The San Francisco earthquake of April 18, 1906, ranks as one of the most significant earthquakes of all time.
At 5:12 a.m., a foreshock occurred with sufficient force for it to be felt widely throughout the San Francisco Bay area. The great earthquake broke loose some 20 to 25 seconds later, with an epicenter near San Francisco.
Violent shocks punctuated the strong shaking, which lasted some 45-to-60 seconds. The earthquake was felt from southern Oregon to south of Los Angeles and inland as far as central Nevada.
In the public's mind, the earthquake is perhaps remembered most for the fire it spawned in San Francisco.

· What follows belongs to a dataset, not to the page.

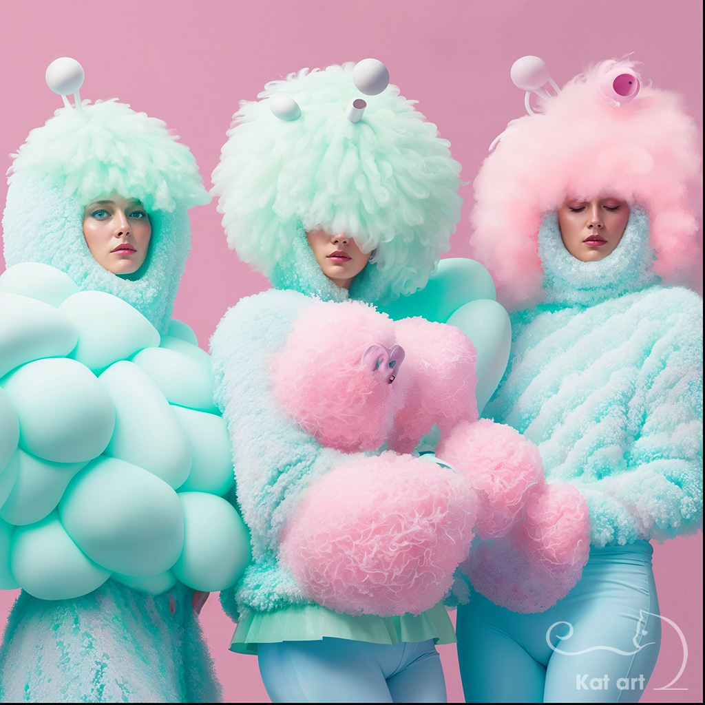 AI-art from Kat art of three women in a fluffy cyberoutfit in pastel colors, in a 3D-art style.

The damage from the quake itself, however, was equally severe in many other places along the fault rupture. The frequently quoted figure of 700 deaths caused by the earthquake and fire is now believed to be an underestimate of the total loss of life by a factor of three or four. Most of the fatalities occurred in San Francisco, and 189 were reported elsewhere.
A report of U.S. Army relief operations recorded 498 deaths in San Francisco, 64 deaths in Santa Rosa, and 102 deaths in and near San Jose.
A 1972 report suggested that 700-800 deaths is a reasonable figure. After extensive research, however, investigators Gladys Hansen and Emmet Condon estimated that more than 3,000 deaths were caused directly or indirectly by the catastrophe.
The population of San Francisco at the time was about 400,000. The earthquake and fire caused 225,000 people to be immediately homeless.
The number of buildings destroyed during the earthquake and the following fire was estimated at 28,000.
The three-day conflagration burned an area that covered 4.7 square miles. By one count the loss was: wood buildings lost, 24,671; brick buildings lost, 3,168; other, 349; total buildings lost, 28,188.
Monetary loss was more than $400 million, in 1906 dollars, from earthquake and fire; $80 million from the earthquake alone.